## EXERCISE OBJECTIVE:
Copy the entries that appear below in full, leaving out any picture among them.

--- MATERIAL FOR THIS TASK Enclosed Below ---

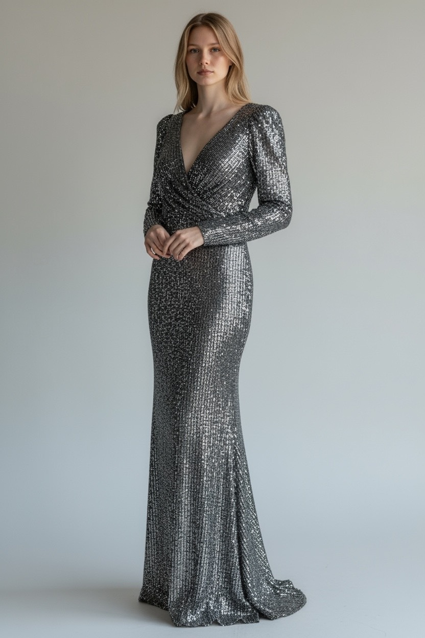 Rochie Maxi spectaculoasă, acoperită integral cu paiete argintii, ce oferă o strălucire de neegalat. Designul elegant prezintă un decolteu adânc în V, cu un efect petrecut la bust, și mâneci lungi, mulată pe corp. Croiala tip sirenă pune în evidență silueta, culminând cu o trenă discretă. Este piesa perfectă pentru a impresiona la evenimente de seară, petreceri glam sau baluri.
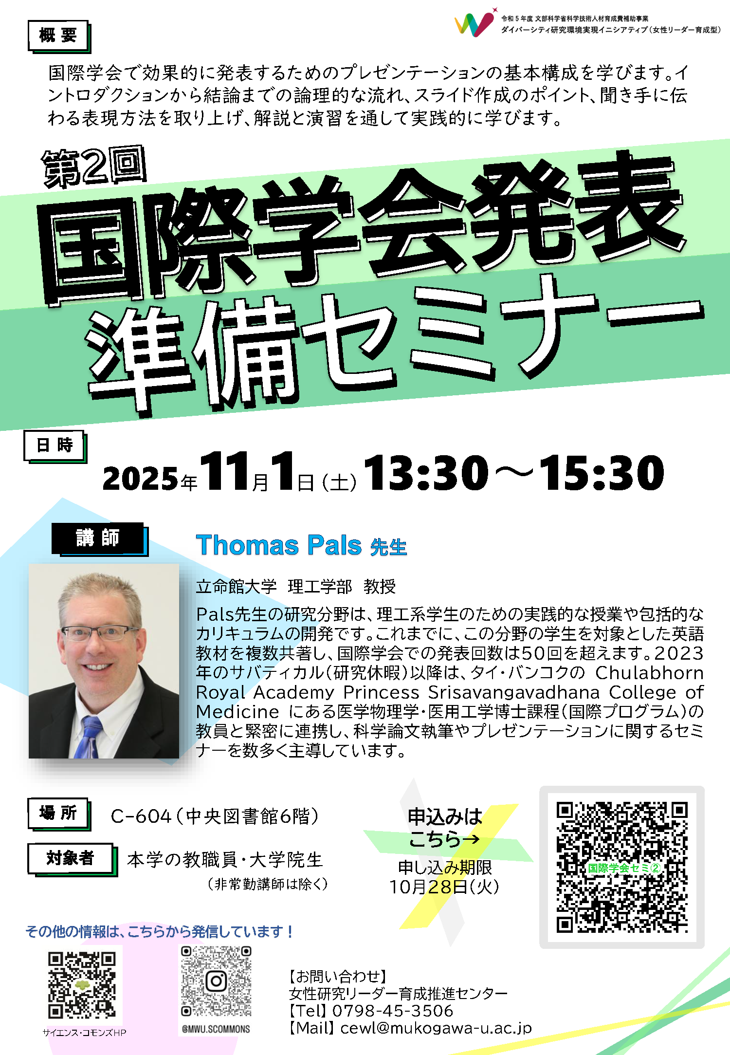 | 講師 | Thomas Pals 先生 立命館大学 理工学部 教授 Pals先生の研究分野は、理工系学生のための実践的な授業や包括的なカリキュラムの開発です。これまでに、この分野の学生を対象とした英語教材を複数共著し、国際学会での発表回数は50回を超えます。2023年のサバティカル(研究休暇)以降は、タイ・バンコクの Chulabhorn Royal Academy Princess Srisavangavadhana College of Medicine にある医学物理学・医用工学博士課程(国際プログラム)の教員と緊密に連携し、科学論文執筆やプレゼンテーションに関するセミナーを数多く主導しています。 |
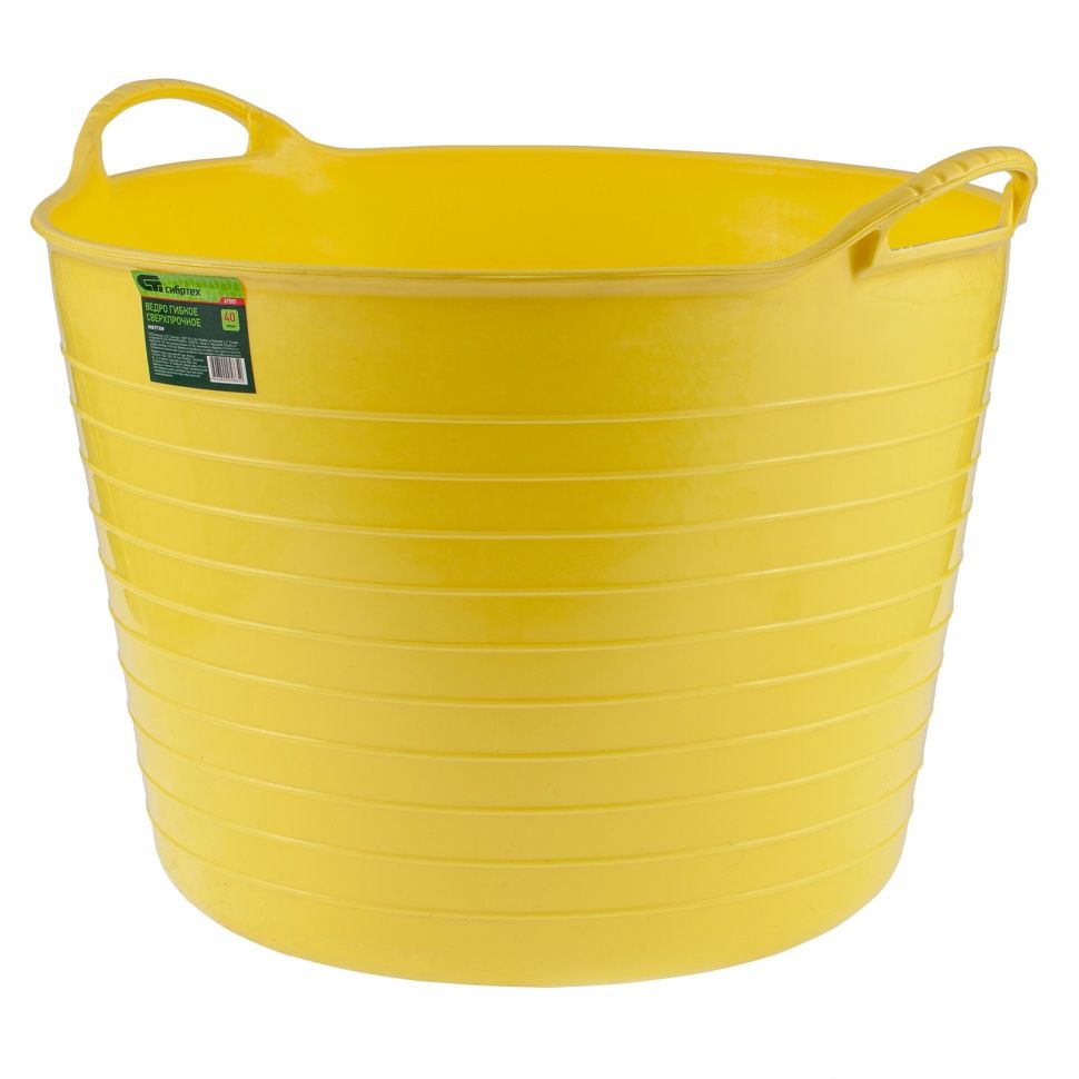 Сверхпрочное гибкое ведро Сибртех 67513 желтого цвета объемом 28 л пригодится на даче, стройке, рыбалке, в быту. В нем можно переносить воду для полива, сыпучие материалы для ремонта, замешивать строительные растворы, хранить корм и собирать урожай.
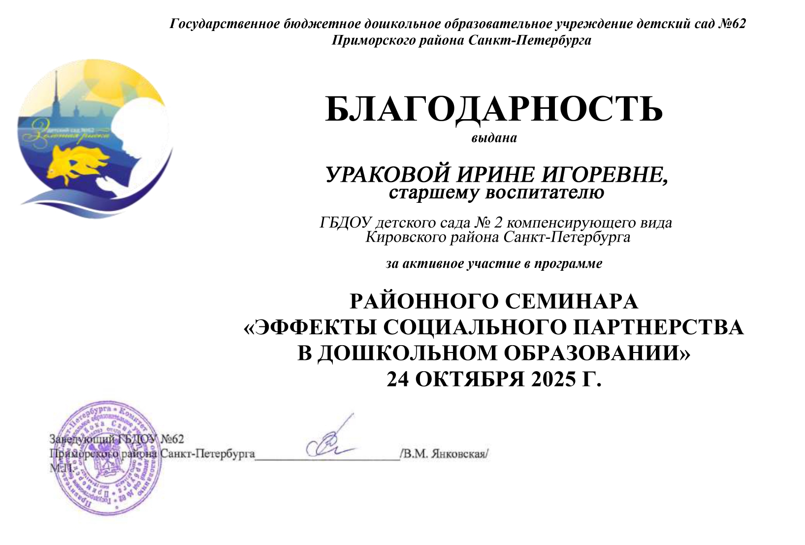 - Районный семинар (Приморский район Санкт-Петербурга) "Эффекты социального партнёрства в дошкольном образовании", участие (стендовый доклад)
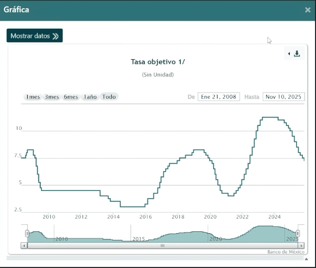 Las tasas van a seguir bajando, te voy a mostrar la gráfica de la tasa objetivo que publica Banco de México.
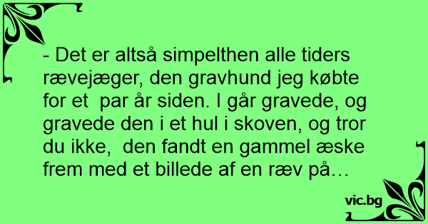- Det er altså simpelthen alle tiders rævejæger, den gravhund jeg købte for et par år siden. I går gravede, og gravede den i et hul i skoven, og tror du ikke, den fandt en gammel æske frem med et billede af en ræv på…
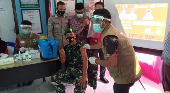 Danramil 1509-05/Kayoa disuntik Vaksin Covid-19, bersama Kepala Puskesmas Laromabati Fadli Thalib S.Kep dan tenaga Medis 20 orang, Sementara untuk tenaga medis yang belum divaksinasi akan dilakukan esok hari. (Red/CN)
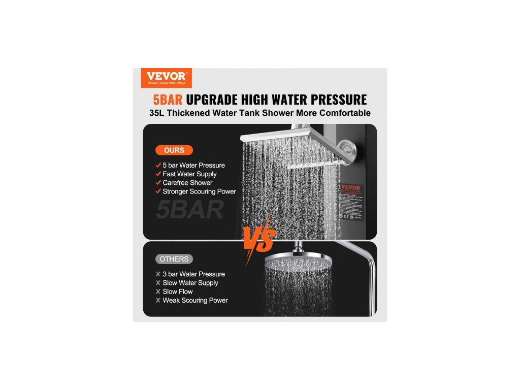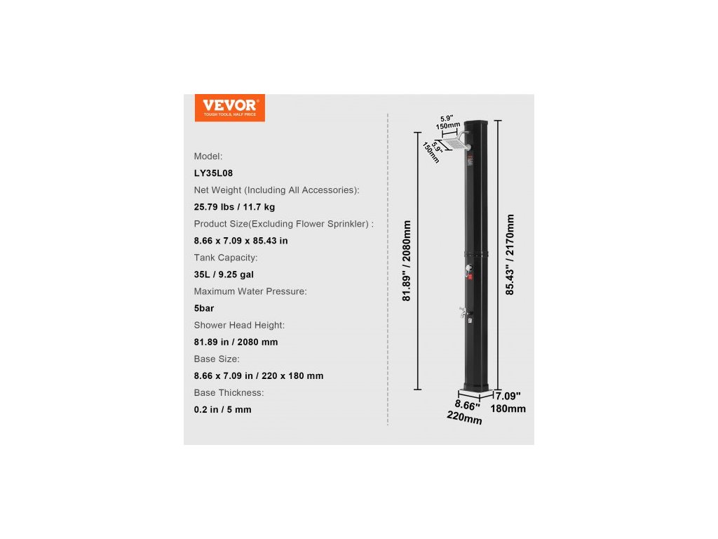 Maximální tlak vody: 5 barů, Čistá hmotnost (včetně veškerého příslušenství): 11,7 kg, Objem nádrže: 35 l / 9,25 gal, Rozměry základny: 220 x 180 mm, Model: LY35L08, Tloušťka základny: 5 mm, Rozměry produktu (bez zavlažovače květin): 220 x 180 mm 85,43 palce / 220 x 180 x 2170 mm, Výška sprchové hlavice: 81,89 palce / 2080 mm

--- End of Enclosed MATERIAL FOR THIS TASK ---

## SOLVED PROBLEM:
 Rochie Maxi spectaculoasă, acoperită integral cu paiete argintii, ce oferă o strălucire de neegalat. Designul elegant prezintă un decolteu adânc în V, cu un efect petrecut la bust, și mâneci lungi, mulată pe corp. Croiala tip sirenă pune în evidență silueta, culminând cu o trenă discretă. Este piesa perfectă pentru a impresiona la evenimente de seară, petreceri glam sau baluri.
 | 講師 | Thomas Pals 先生 立命館大学 理工学部 教授 Pals先生の研究分野は、理工系学生のための実践的な授業や包括的なカリキュラムの開発です。これまでに、この分野の学生を対象とした英語教材を複数共著し、国際学会での発表回数は50回を超えます。2023年のサバティカル(研究休暇)以降は、タイ・バンコクの Chulabhorn Royal Academy Princess Srisavangavadhana College of Medicine にある医学物理学・医用工学博士課程(国際プログラム)の教員と緊密に連携し、科学論文執筆やプレゼンテーションに関するセミナーを数多く主導しています。 |
 Сверхпрочное гибкое ведро Сибртех 67513 желтого цвета объемом 28 л пригодится на даче, стройке, рыбалке, в быту. В нем можно переносить воду для полива, сыпучие материалы для ремонта, замешивать строительные растворы, хранить корм и собирать урожай.
 - Районный семинар (Приморский район Санкт-Петербурга) "Эффекты социального партнёрства в дошкольном образовании", участие (стендовый доклад)
 Las tasas van a seguir bajando, te voy a mostrar la gráfica de la tasa objetivo que publica Banco de México.
- Det er altså simpelthen alle tiders rævejæger, den gravhund jeg købte for et par år siden. I går gravede, og gravede den i et hul i skoven, og tror du ikke, den fandt en gammel æske frem med et billede af en ræv på…
 Danramil 1509-05/Kayoa disuntik Vaksin Covid-19, bersama Kepala Puskesmas Laromabati Fadli Thalib S.Kep dan tenaga Medis 20 orang, Sementara untuk tenaga medis yang belum divaksinasi akan dilakukan esok hari. (Red/CN)
 Maximální tlak vody: 5 barů, Čistá hmotnost (včetně veškerého příslušenství): 11,7 kg, Objem nádrže: 35 l / 9,25 gal, Rozměry základny: 220 x 180 mm, Model: LY35L08, Tloušťka základny: 5 mm, Rozměry produktu (bez zavlažovače květin): 220 x 180 mm 85,43 palce / 220 x 180 x 2170 mm, Výška sprchové hlavice: 81,89 palce / 2080 mm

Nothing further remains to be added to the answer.